2.2.  Kernel profiling

      It is simple to build a 4.2BSD kernel that will automatically collect profiling information as it operates simply by specifying the -p option to config(8) when configuring a kernel. The program counter sampling can be driven by the system clock, or by an alternate real time clock. The latter is highly recommended as use of the system clock results in statistical anomalies in accounting for the time spent in the kernel clock routine.

      Once a profiling system has been booted statistic gathering is handled by kgmon(8). Kgmon allows profiling to be started and stopped and the internal state of the profiling buffers to be dumped. Kgmon can also be used to reset the state of the internal buffers to allow multiple experiments to be run without rebooting the machine.

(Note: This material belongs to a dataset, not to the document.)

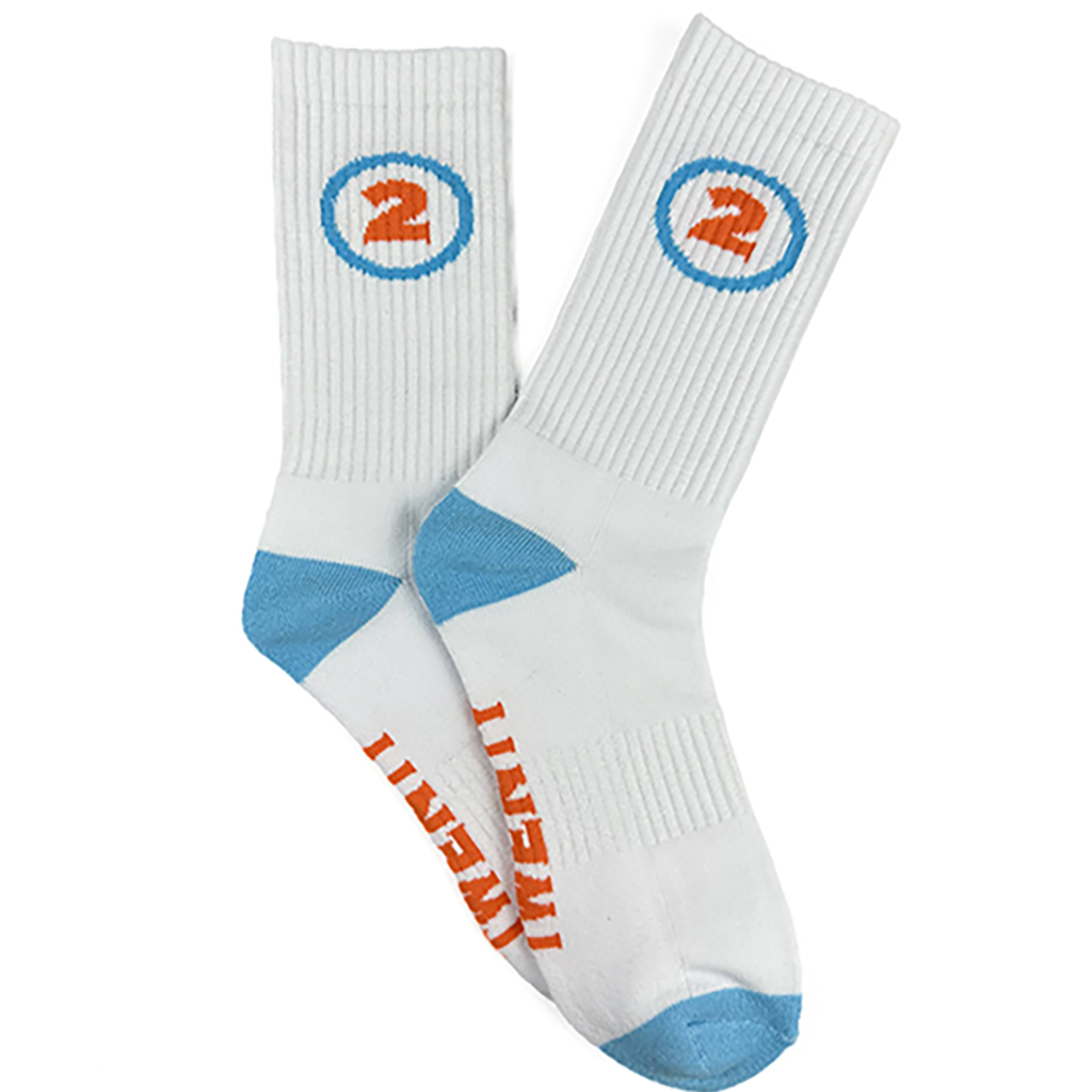 Our socks are made from high-quality materials such as cotton, polyester, and spandex, ensuring durability and breathability during your workout. The white, orange, and blue color scheme adds a touch of personality to your athletic gear, allowing you to stand out from the crowd.

      The profiling data is processed with gprof(1) to obtain information regarding the system's operation. Profiled systems maintain histograms of the kernel program counter, the number of invocations of each routine, and a dynamic call graph of the executing system. The postprocessing propagates the time spent in each routine along the arcs of the call graph. Gprof then generates a listing for each routine in the kernel, sorted according to the time it uses including the time of its call graph descendents. Below each routine entry is shown its (direct) call graph children, and how their times are propagated to this routine. A similar display above the routine shows how this routine's time and the time of its descendents is propagated to its (direct) call graph parents.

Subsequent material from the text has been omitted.